From the Beatles to the Rolling Stones, Elizabeth Taylor or royalty, fashion designer and author Vicky Tiel dressed them all! Mrs. Tiel tells us about her friendship with Elizabeth Taylor and Coco Chanel as well as what it takes for a woman to be successful and live life on her own terms. A delightful conversation with a lady who still has sparkles in her eyes.

By Victoria Adelaide | DEC 11. 2017

Victoria Adelaide: You designed and sold dresses at 12 years old. Did you always know what you wanted to do?
Vicky Tiel: I started liking clothes at 5 years old; I was always into fashion. By the time I was 10, I had to be the most beautifully dressed, then I decided to learn to sew and I started sewing. My father told me I couldn’t have my own telephone, so at 12 years old, I started selling skirts that I embroidered, put fabric on and then I made a caftan, my first caftan. Then I sold caftans to the rich girls of my neighborhood, in Washington DC where everybody’s father is in the government. I was able to buy my own telephone so everybody could call me and buy my clothes. By the time I was 16, I had a business. When I was in college, in my apartment in New York I made men’s leather pants and leather skirts for women. I was the first person to make a fringe leather skirt and the matching bag, with fringe and beads in the fringe. We were hippies so we started that trend, but the leather mini skirt was my first big success. I Made a lot of money and with what I earned, I had enough to go to Paris and get my first apartment. I started to sell items as a very young girl, because I liked to have my own money, to be independent, I didn’t want to ask my father or my mother for money, I wanted to buy anything I wanted.

VA: As a young woman who was your role model and biggest inspiration when it came to fashion?
VT: In my high school Year Book, in 1961 at my graduation, one girl wrote down “To Elizabeth Taylor Tiel, fellow cheer leader and future fashion designer, also most beautiful cheer leader. Have a wonderful summer ~ Linda R”. Elizabeth Taylor Tiel, they called me, in my high school Year Book, 3 years before I met Elizabeth. Elizabeth Taylor to me was the symbol of a powerful woman and I wanted to be powerful like her; she looked beautiful, powerful and she did not submit to men. Then the other person I admired was Audrey Hepburn; she was elegant and chic in “Breakfast at Tiffany”. I loved the fact that she was a European and I decided to become a fashion designer in Paris, because of Audrey Hepburn. And lo and behold, I went to Paris with my best friend Mia Fonssagrives; we were 20, I guess, and I went to work with Elizabeth Taylor. Unbelievable. I have loved her since I was a child, I would draw her face all the time and on my first job, she was in the studio and we became friends. So I believe everything is placed in front of you in life, what is meant to be happens.

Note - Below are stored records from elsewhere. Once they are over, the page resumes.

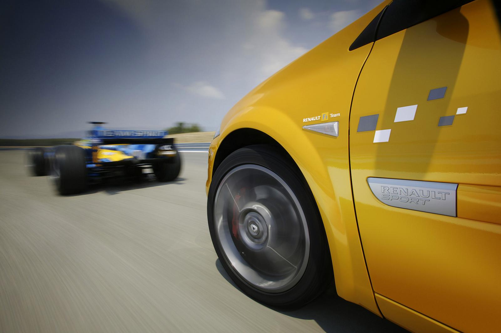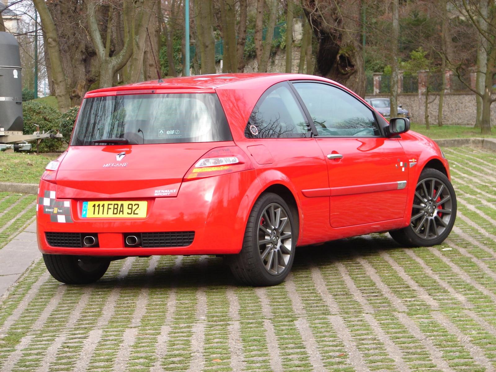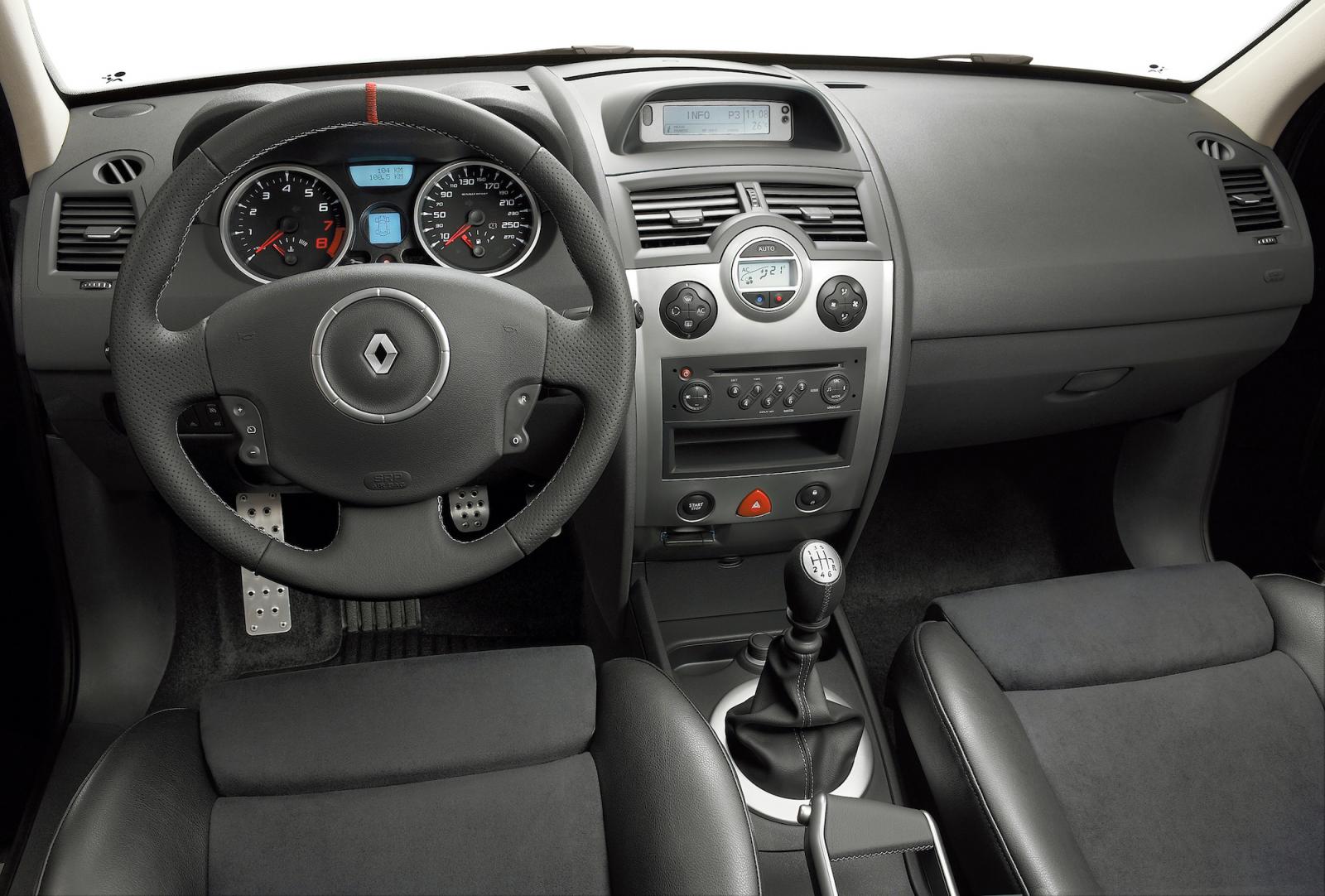 Renault Megane RS R26 F1 Team 2006 14 CV – 29 600 € 4 cylindres en ligne, 16 soupapes (2 ACT) – 1 998 cm3 230 ch à 5 500 tr/mn (115,11 ch/litre) 310 Nm à 3 000 tr/mn (155,15 Nm/litre) Turbocompresseur (Ø ND bars) + échangeurs air/air traction + BV6 manuelle + autobloquant + ASR + ESP 1 355 kilos (5,89 kg/ch) 2 disques ventilés et percés AV et 2 disques pleins AR + ABS + EBD jantes alu 18″ + pneus en 235/40 R18 AV et 235/40 R18 AR 0 à 100 km/h en 6″5; 236 km/h, km DA en 26″6 |
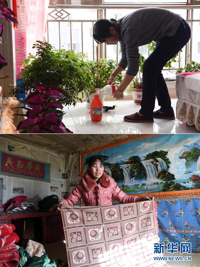 拼版照片:上图为胥存在古浪县绿洲生态移民小城镇的家中给客厅里的花浇水(4月7日摄);下图为胥存在古浪县黄羊川镇石城村的家中叠床单(2018年2月6日摄)。新华社记者 范培珅 摄
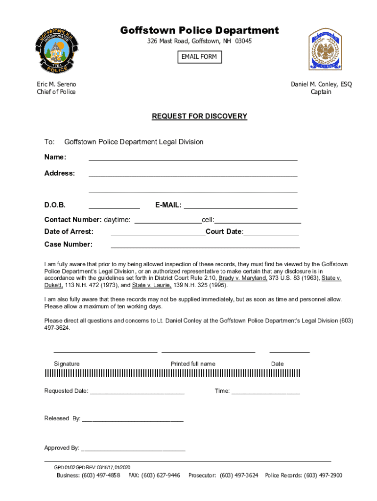 This document is a request form for individuals seeking to inspect records held by the Goffstown Police Department\'s Legal Division. It requires the requester\'s personal information, case details,
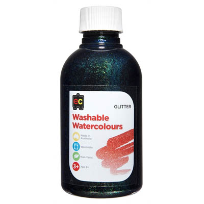 EDUCATIONAL COLOURS WASHABLE WATERCOLOUR GLITTER PAINT 250ML BLACK

VA: What was it like to be in business with Mrs. Taylor and to be her friend?

VT: Elizabeth worked with me from 1964 to 84/87, and then she stayed in California when Richard Burton died and I stayed in Europe. My children were going to school so I didn’t see her as much for the last 20 years but I still had a job “making clothes for life”. She invested in the company I had with Mia, then Mia left me after 5 or 6 years; at the time, she was married to the couturier Louis Féraud, but went off to marry a builder in New York and Elizabeth stayed my partner. Elizabeth wasn’t a financial partner, she invested in the shop in exchange I would made her dresses for life, as well as for her daughter that I continued to dress when I wouldn’t make the clothes for television. Elizabeth’s father was an art dealer in Beverly Hills; he was a Brit, an Englishman, who opened a fine art gallery in Beverly Hills, carrying great art, Van Gogh, Picasso; he carried the greatest art as a dealer in the 1930s and 40s. His daughter was beautiful, he put her in movies, he was a very clever businessman. Elizabeth was brought up in a world of art, nobody knew, but she could draw; she could draw dresses. I even have a sketch of a wedding dress she drew when we opened the shop. I have it in my first book. She would sometimes take the pencil out of my hand and draw what she wanted. It was fun; she was a very talented woman in many ways. She couldn’t sing, but she could dance, she could draw, she loved music and she loved art, and so she was not just a sex symbol. It was a wonderful partnership throughout my life. I married her makeup man, a Hollywood makeup artist, my first husband. He was also Richard Burton’s makeup man and he had been with Elvis Presley before, so I got to know Elvis and his wife Priscilla.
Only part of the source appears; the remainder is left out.